At Jefferson High School, change came because little worked anymore. The Cedar Rapids, Iowa, school’s cafeteria hadn’t been updated since 1957; students followed two long serving lines to a closed kitchen pumping out trays of premade food, and many were going off campus for lunch. “We were really struggling,” says Suzy Ketelsen, food and nutrition department manager for Cedar Rapids Community School District.

Jefferson finally was able to upgrade that infrastructure, replacing the serving lines with five entree stations, a fruit and vegetable station and six cashier lines.

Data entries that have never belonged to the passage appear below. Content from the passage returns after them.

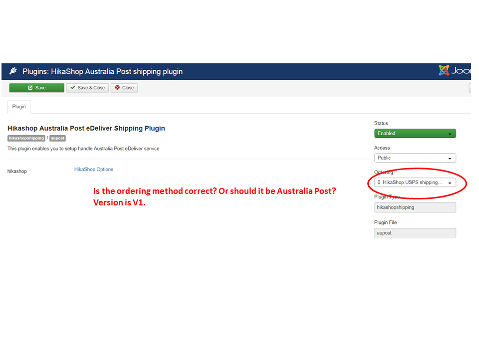 I noted that perhaps the shipping method in the options was incorrect. It seemed to default to USPS. See picture AustPostShipping(V1)-1a.png
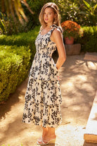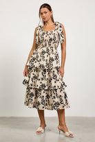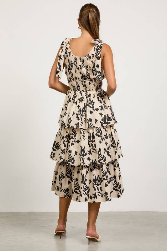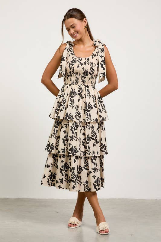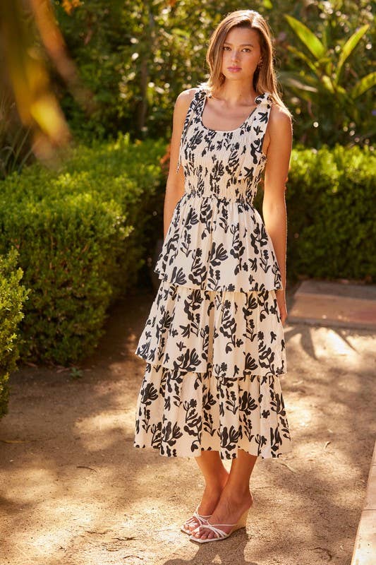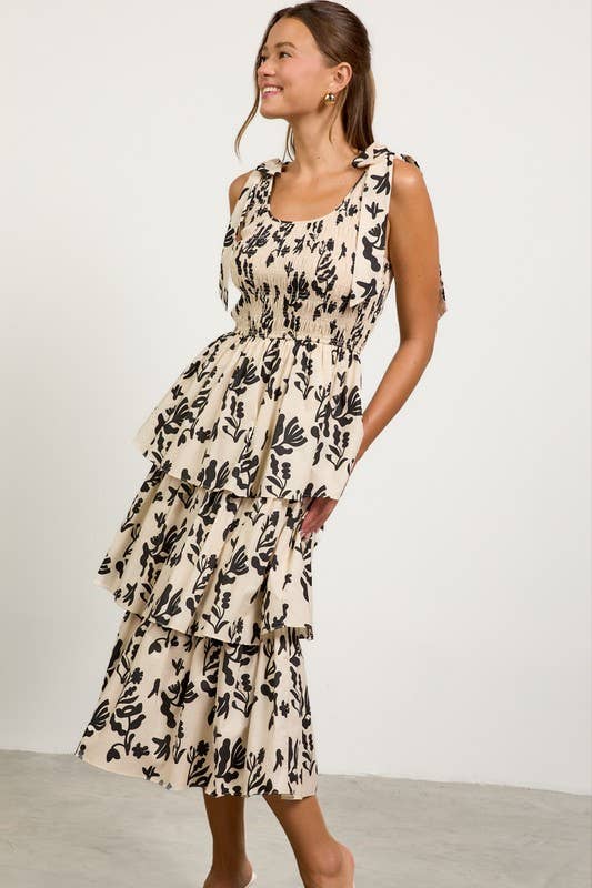 Romantic and playful, this tiered midi dress is perfect for warm-weather occasions. Featuring an allover bold floral print, itβs designed with adjustable tie-shoulder straps, a smocked bodice for a flattering fit, and a multi-layered tiered skirt that adds effortless volume and movement. The scoop neckline and soft neutral tone make it easy to dress up or down.
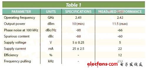 采用安捷伦科技公司的先进设计系统(ADS)设计软件工具,对包括了馈线和振荡电路的天线特性进行仿真和分析。10应该指出的是,采用 Momentum软件包对天线进行建模,该软件已包括在ADS内。利用在GaAs MESFET有源器件的漏引脚插入一个电容器对振荡频率进行精细调节和控制,从而满足设计目标(见下表)。据观测,所获得的振荡频率范围偏离2.45 GHz中心频率的最大处约6.87%,具有低相位噪声和可接受的输出功率。
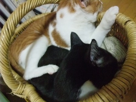 その前から興味深く見守っていたまでろんは、てとらんがうろうろするのをついてまわり、どこかに入りこむと、じゃれています。つめはださずにたたいたり、かかえこもうとしています。てとらんも、までろんは遊んでくれるお兄ちゃんと思ってるようです。からだをおそうじしようとなめていると、あちこち短いので、いつのまにかころがっちゃうてとらん。ぬいぐるみとたたかってみる。

Not only have the changes sped up dining services’ ability to serve students—about 400 in seven minutes—but the structure allows for the school to use more fresh produce.

Like Jefferson, University of Michigan Dining leapt from “cook-and-park” stations to moveable kiosks for the award-winning 2015 redesign of its South Quad dining hall. Chefs now cook and plate on-site, offering trendy concepts like sushi and barbecue.  “Scoop-and-serve dining doesn’t work for this generation,” Mangan says.

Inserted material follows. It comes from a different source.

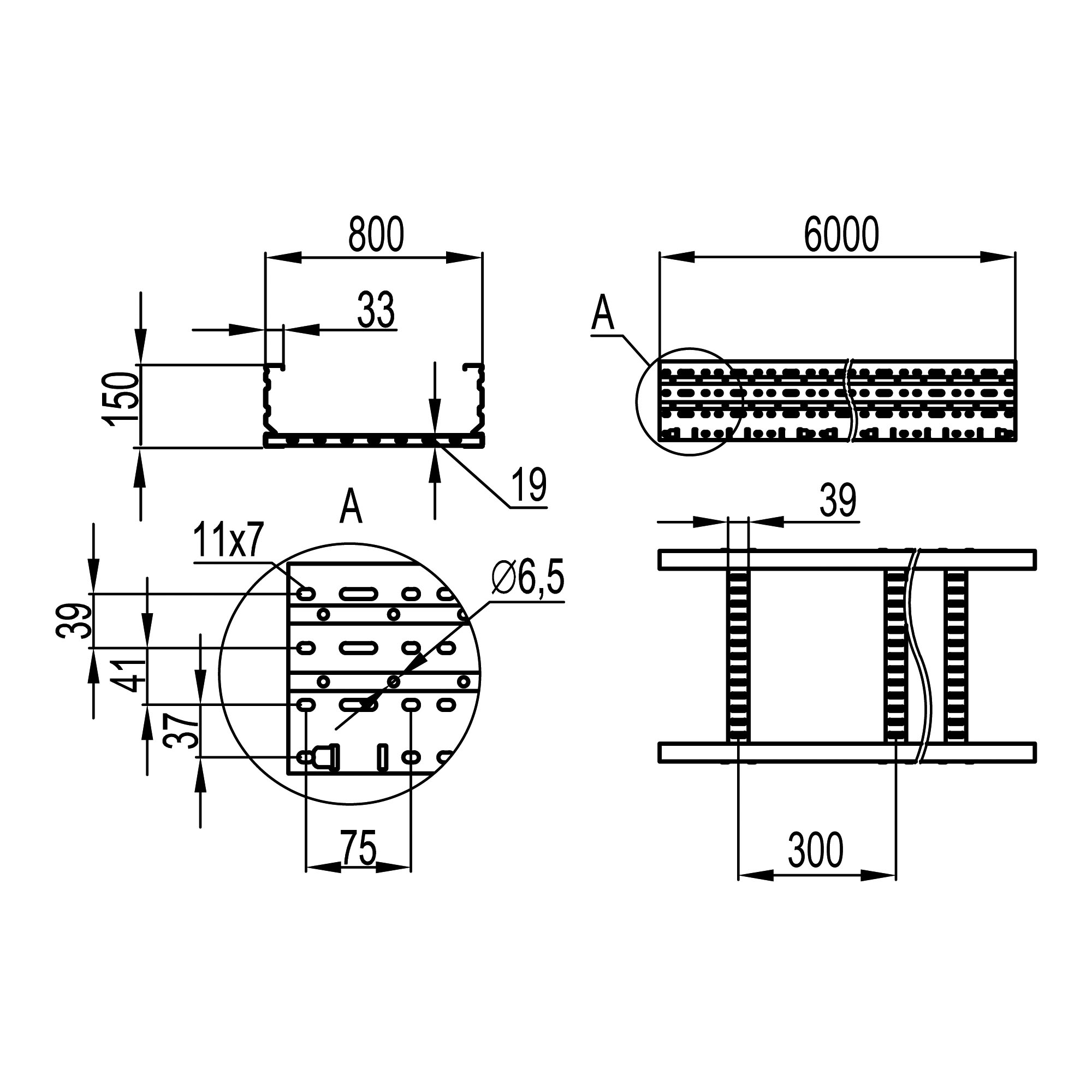 Лоток лестничный 150х800, лонжерон 2 мм, L 6 м, горячий цинк

That statement doesn’t just apply to younger diners. Habour’s Edge, a retirement community in Delray Beach, Fla., had the same idea when it undertook renovations last year, adding a fine-dining restaurant with a show kitchen where chefs cook and plate food a la minute.
Harbour’s Edge Director of Culinary Services Tim D’Antuono says diners were looking for more of a restaurant atmosphere, while his cooking staff was able to recommend the right equipment. This kind of feedback was crucial to all three renovation projects, allowing Harbour’s Edge to make thorough upgrades and create fresh concepts.

Mangan advises ensuring a new concept’s longevity with features like wheeled stations and flexible-use equipment, since most operators only have the money to renovate every 30 or 40 years. Meanwhile, he says, “The world keeps changing.”